En cuando al DIU y a los métodos definitivos, las conclusiones son bastante más claras, porque se sabe que en ambos casos no va a influir el índice de la masa corporal, salvo que es verdad que se necesita una instrumentación más adecuada tanto en el caso de los DIU como en el de las ligaduras. Y la experiencia podría resultar más a favor del ginecólogo.

En un estudio sobre el uso de solo gestágenos (cuatro miligramos de drospirenona) en mujeres obesas entre una población que oscila entre el 8 y el 30% se señala que la diferencia en el índice de PEARL no variaba con respecto al de masa corporal de menor de 20 o mayor de 20 (IP 3 y 2,9, sin diferencias significativas).

Hay otros métodos anticonceptivos, algunos de ellos todavía no disponibles, en los cuales en las fichas técnicas, como es el caso del  Annovera, el anillo que dura un año y tiene el estradiol y acetato segesterona, o el parche anticonceptivo Twirla (estradiol más levonorgestrel), aconsejan que no deberían ser usador por las poblaciones obesas, pues disminuyen su eficacia. Sin embargo, el gel vaginal Phenoxy y la píldora Slinda no muestra esta diferencia.

Los estudios sobre los diferentes implantes disponibles apuntan que el del levonorgestrel seis anillos es el único en el que se encontró un incremento del índice de PEARL (entre 4 y 6), mientras en los demás no se hallaron diferencias significativas respecto al sobrepeso o la obesidad. Los DIU de levonorgestrel están claros en sus diversas concentraciones. Tampoco hay diferencias significativas de una reducción de la eficacia y asimismo no se encontró con el acetato de medroxiprogesterona (progestágeno sintético) en su versión intramuscular o subcutánea.

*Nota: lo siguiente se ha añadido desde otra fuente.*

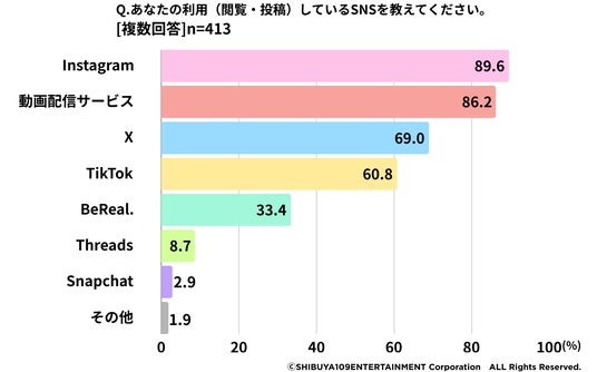株式会社SHIBUYA109エンタテイメント(本社:東京都渋谷区、代表取締役社長:石川 あゆみ)が運営する若者マーケティング機関『SHIBUYA109 lab.(読み:シブヤイチマルキュウラボ)』は、15~24歳の女性413名を対象に、外部調査パネルによるWEB調査とSHIBUYA109 lab.独自ネットワークによるインタビューから「Z世代のSNS利用最新動向2025」を行いました。

Meta-análisis Yamazaki, Dragoman, Cochrane

En relación con los diferentes meta-análisis el de Yamazaki (realizado en 2015 con más de 14.000 mujeres de ellas un 30 y un 8% de población obesa. Se estimó que existía un cambio de disminución de la eficacia con un aumento del índice PEARL de 1,84 a 2,05 cuando se aludía al IMC, excluyendo el parche que en su ficha recomendaba no ser usado por mujeres de más de 90 kilos. El riesgo relativo aumentó a 1,44, lo que establece que una mujer corre el riesgo en 44% más de posibilidades de quedarse embarazada utilizando la ACH combinada.

El meta-análisis de M. Dragoman (2017) incluye más de 15 estudios sin tener en cuenta el combinable inyectable vaginal, ni el anillo. Incluye análisis de bajo nivel de evidencia y de los que tienen que ver con la eficacia 3 ofrecen una calidad media baja. Aquellas mujeres que tenían un peso por encima de los 90 kilos y usaban el parche, sí iban a padecer una disminución de la eficacia. “El riesgo de fallo de la anticoncepción hormonal combinada en obesas vs mujeres de peso normal es limitado por la pobre calidad de los estudios. Los análisis que muestran resultados mixtos con diferencias absolutas en los fallos de la AHC según el peso y el IMC son pequeños. Parece que el IMC puede contribuir a una disminución de la eficacia del parche”, indica el estudio M. Dragoman.

La última revisión de la red Cochrane de investigadores recoge más de ocho estudios entre 63.000 mujeres. Incluye el implante tanto el de dos varillas de levonorgestrel como el de etonogestrel, lo mismo que el acetato medroxiprogesterona y los DIU. No encuentra diferencia entre el peso y la eficacia anticonceptiva, si bien hace unas recomendaciones, lo  mismo que la Sociedad Europea de Anticoncepción, sobre la conveniencia de usar los DIU solo gestágenos en las mujeres obesas pero sólo por el efecto metabólico y el riesgo tromboembólico.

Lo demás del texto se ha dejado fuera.